Zwickau Chickens

I am finally back with a chicken recipe. Life was intense in the past week or so, I cooked a Late Roman feast (recipes and pictures to follow) and prepared Christmas cookies all the while covering for sick colleagues at work and other stuff. But here it is, from the Kuenstlichs und Fuertrefflichs Kochbuch:

Poultry Market (Joachim Beuckelaer 1564) courtesy of wikimedia commons

42 Zwikische Chickens

Take a chicken and scald it all around. Then take four or five eggs, according to how large the chicken is, beat them, take bacon and a little parsley and chop that well, and mix that with the eggs. Take a little mace, lay that into a broth if you can have that from elsewhere (anderst i.e. from a different meat). But if you wish, pound an entire nutmeg and strew a little on this. You may also beat quite thick milk into the eggs, the people of Zwicken (Zwickau) do it thus. If they do not use thick milk with it, they (the chickens) do not turn out well. And if you can have no bacon, take marrow from meat bones or May butter, and fill the chickens inside while the guts are in them (da die derm in liegen). Sew them shut. You may also use the broth if there is much of it. Let it boil up smoothly (fein glat i.e. simmer, not a rolling boil), and the sooner it boils and is served up, the better it will be. They are not good if they stand long.

What I find most interesting about this recipe is the fact that it is named after a city, presumably its origin. Zwickau was a textile manufacturing town in Saxony and, as far as we know, without culinary distinction. It is thus a little surprising that it provides the name for a recipe, but it does. Neither is the recipe implausible as such. The eastern parts of Germany, including Saxony, were at this point home to the Wends, a people speaking a West Slavic language that is today extinct. Like all West Slavic peoples, they were later known as skilful producers of dairy products, and that tradition may go back far. Especially Saxony also had a reputation for rich cookery. A chicken filled with eggs and clabbered milk could easily have come from that area of Germany.

Using eggs to fill chickens also goes back quite far, with the first mention coming from the Anthimus text in the Lorscher Arzneibuch. Combining eggs with the organ meats of the chicken and, at times, spices and fruit for a filling is recorded frequently and may well have been what the Ulenspiegel stories refer to as the ‘German manner’ of filling chickens as opposed to the herb fillings called the ‘Italian (welsche) manner’. This looks to be a variation on that theme.

Here, the chickens are prepared and filled with a mixture of beaten egg, parsley, bacon, and clabbered milk, most likely something like the Herbstmilch that Coler later associates with the same geographic area. The organs of the chicken are placed in the body cavity along with the filling, though we should probably assume that the guts were cleaned out and the connective tissues removed beforehand. They may have been cooked and chopped, as they are in other recipes, but that is not a given. After sewing shut the chickens, which would prevent the filling from escaping, the whole would be cooked in hot broth and served fresh. The filling, hot and rich with dariy and egg, certainly must have been best straight out of the pot. I have not tried this, but I just may.
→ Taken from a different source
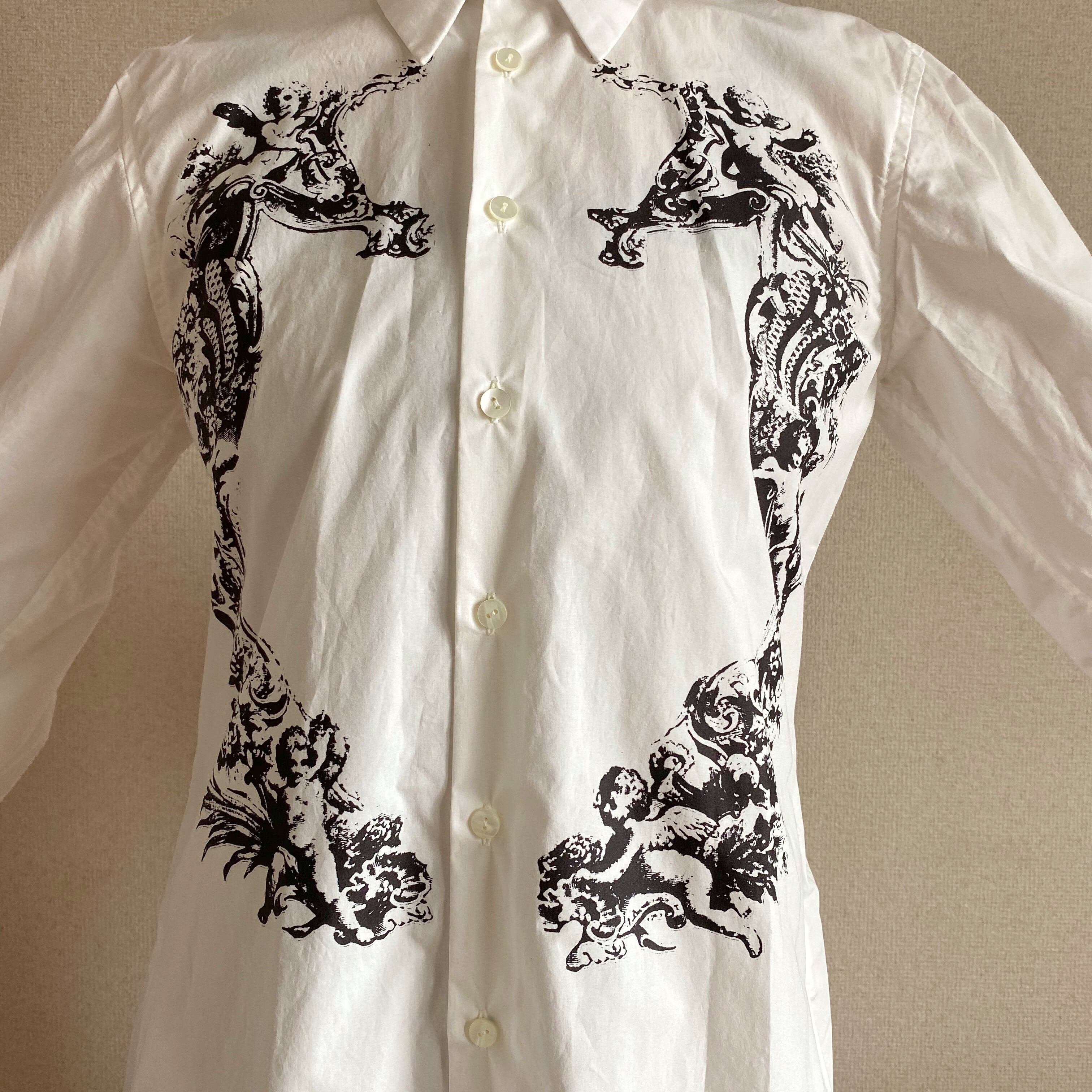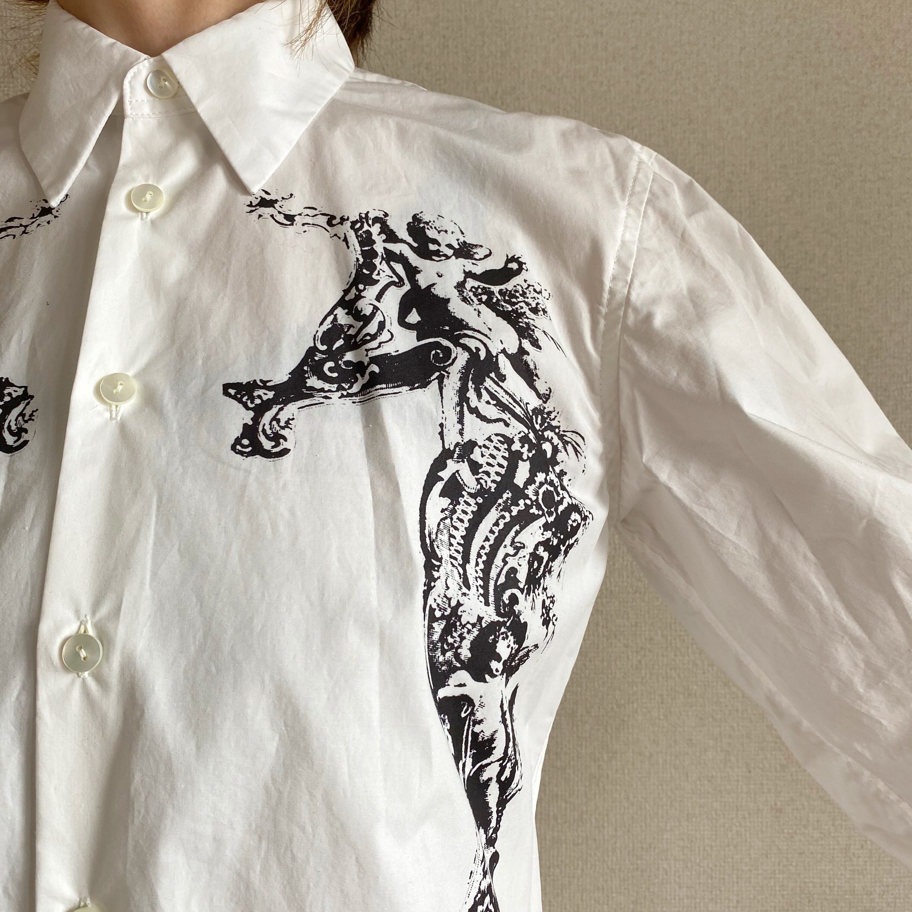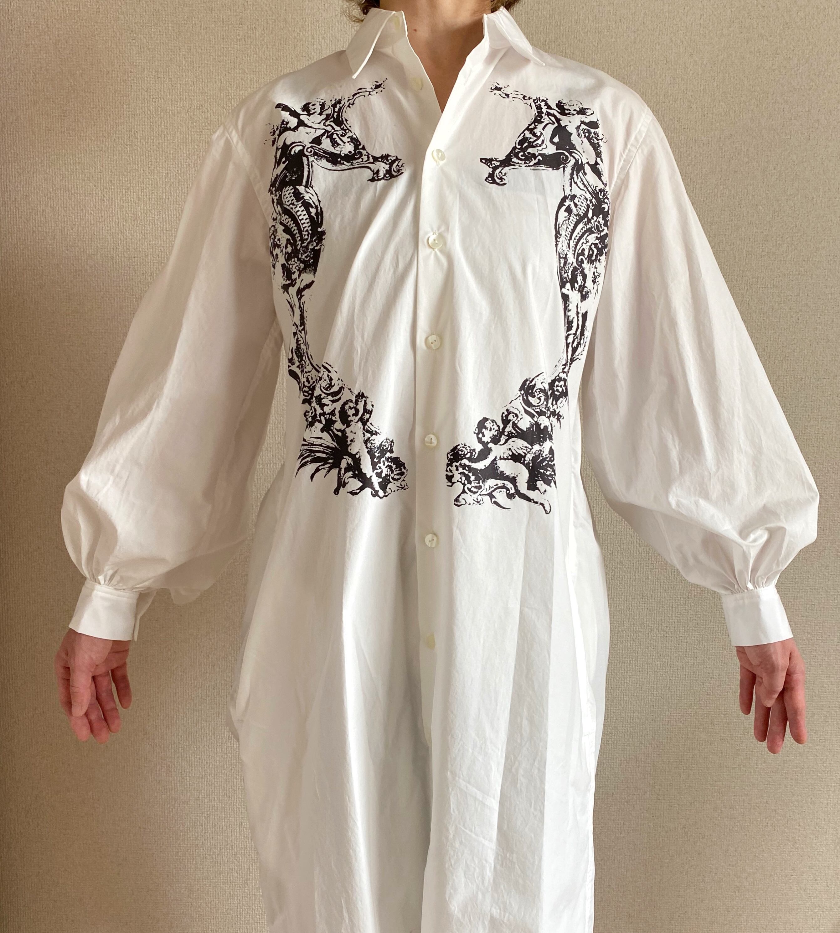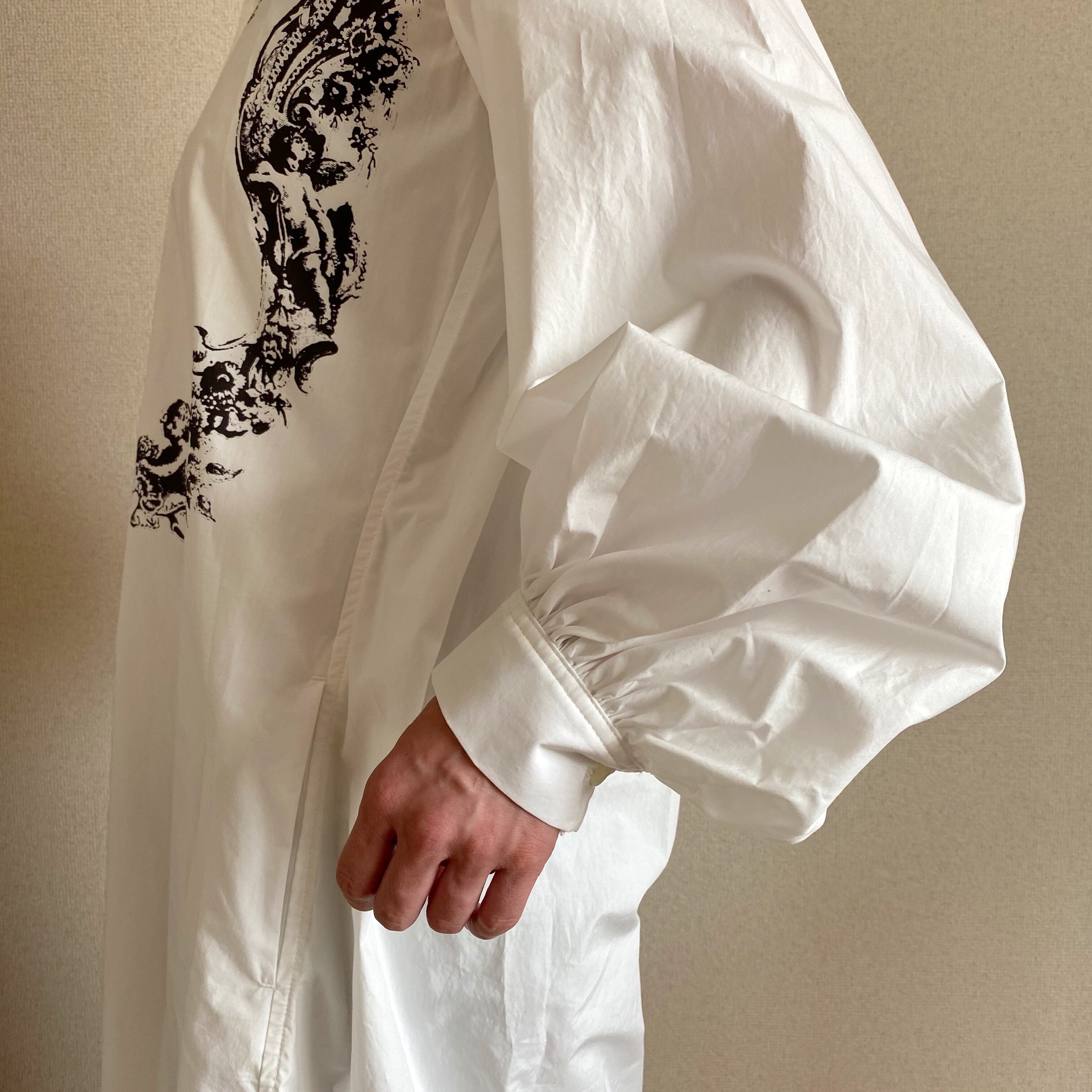 胸元に額縁のようなプリント。ちょっと大げさなくらいのパフスリーブ。少し高めな高めな襟は、留めても開けて着ても素敵です。両サイドにポケット。

The short Kuenstlichs und Fuertrefflichs Kochbuch was first printed in Augsburg in 1559 and reprinted in Nuremberg in 1560 and subsequently. Despite its brevity, it is interesting especially as it contains many recipes for küchlein, baked or deep-fried confections, that apparently played a significant role in displaying status. We do not know who the famous cook referenced in the title may have been or if he ever existed.